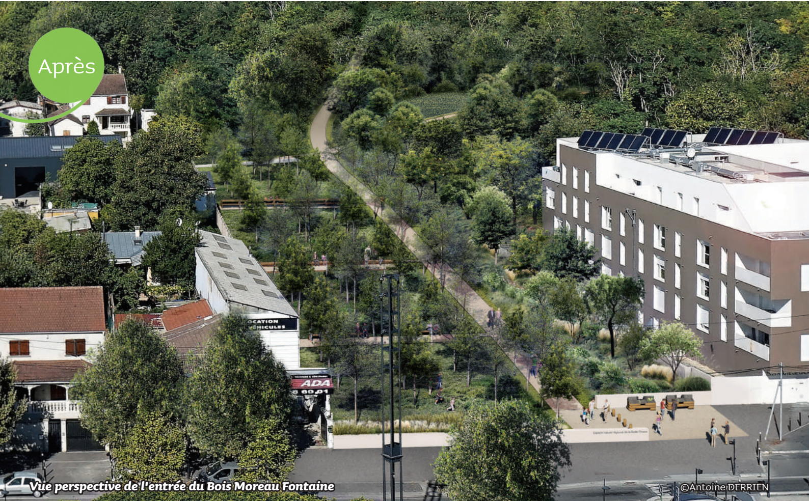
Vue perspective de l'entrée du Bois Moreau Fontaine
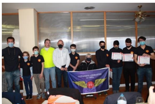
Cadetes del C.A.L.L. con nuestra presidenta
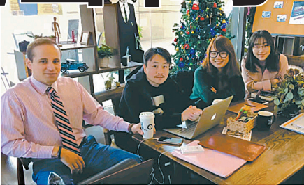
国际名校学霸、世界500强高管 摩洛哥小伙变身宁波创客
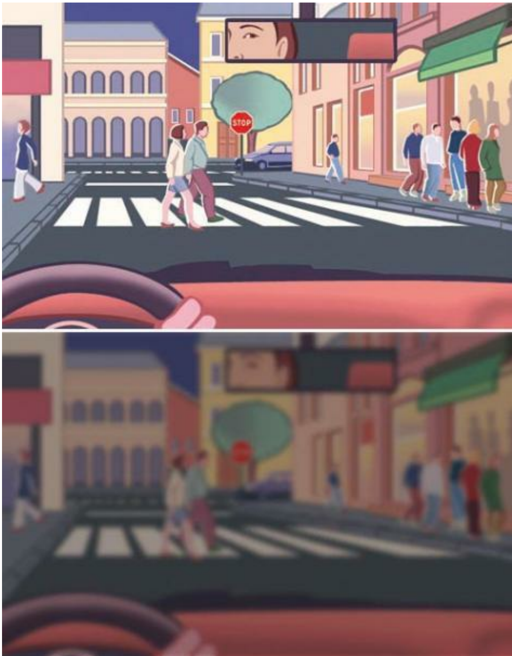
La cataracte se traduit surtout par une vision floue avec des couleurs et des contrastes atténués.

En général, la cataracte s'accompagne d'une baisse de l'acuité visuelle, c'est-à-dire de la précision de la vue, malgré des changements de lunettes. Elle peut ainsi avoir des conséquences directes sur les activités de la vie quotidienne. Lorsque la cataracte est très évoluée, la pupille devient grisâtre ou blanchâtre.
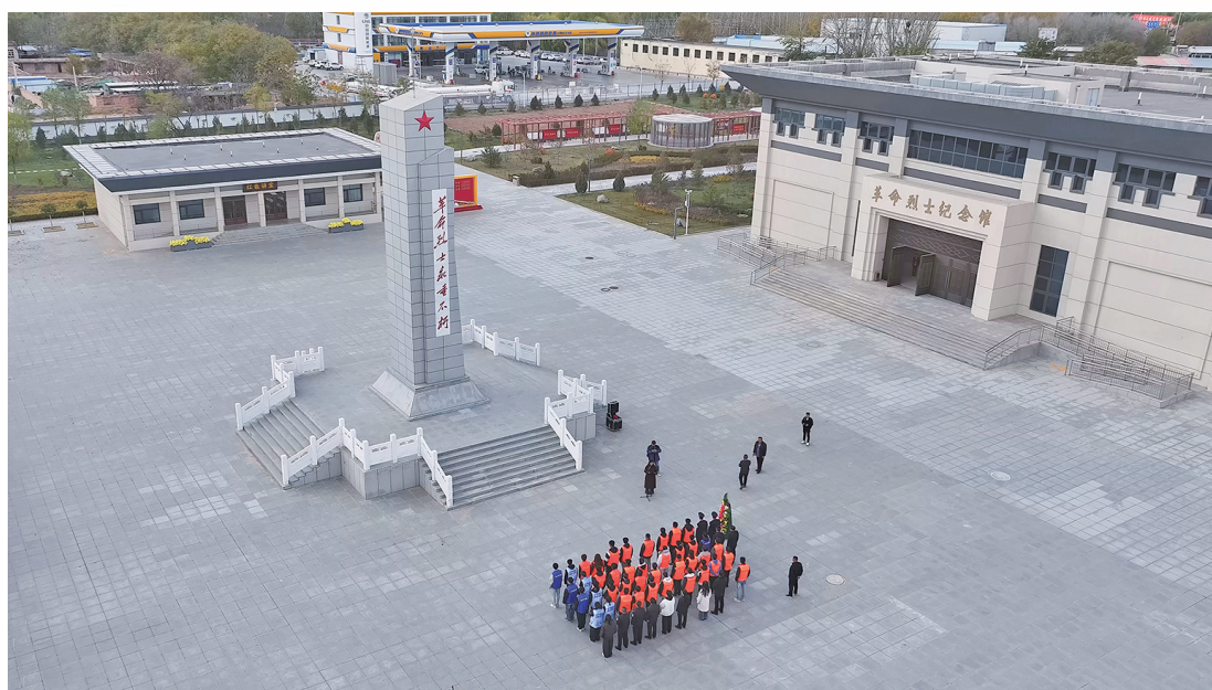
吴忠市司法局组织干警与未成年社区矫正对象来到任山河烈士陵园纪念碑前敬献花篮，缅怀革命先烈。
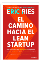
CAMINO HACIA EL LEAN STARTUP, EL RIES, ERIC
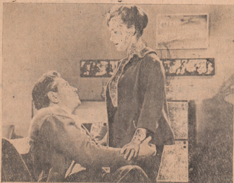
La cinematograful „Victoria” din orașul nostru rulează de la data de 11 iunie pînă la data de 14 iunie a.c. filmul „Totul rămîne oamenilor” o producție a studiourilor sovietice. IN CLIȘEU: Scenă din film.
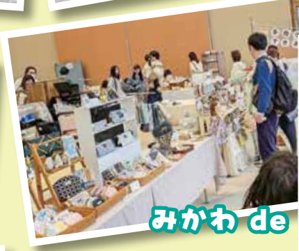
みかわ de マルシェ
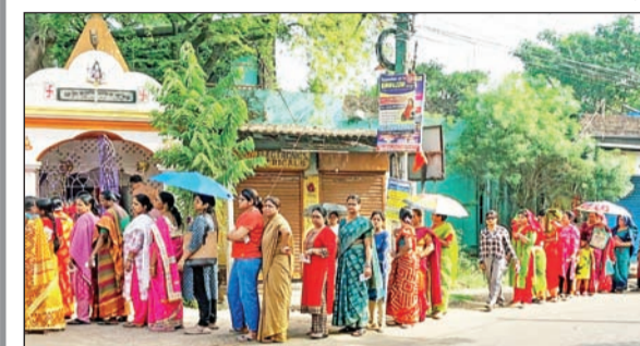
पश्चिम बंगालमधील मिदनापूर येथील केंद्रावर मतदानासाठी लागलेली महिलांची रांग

▶ _ASSIGNED TASK_:
Only a number is wanted. How many lines of the entries above carry "cataracte"?

▶ _SOLUTION BELOW_:
2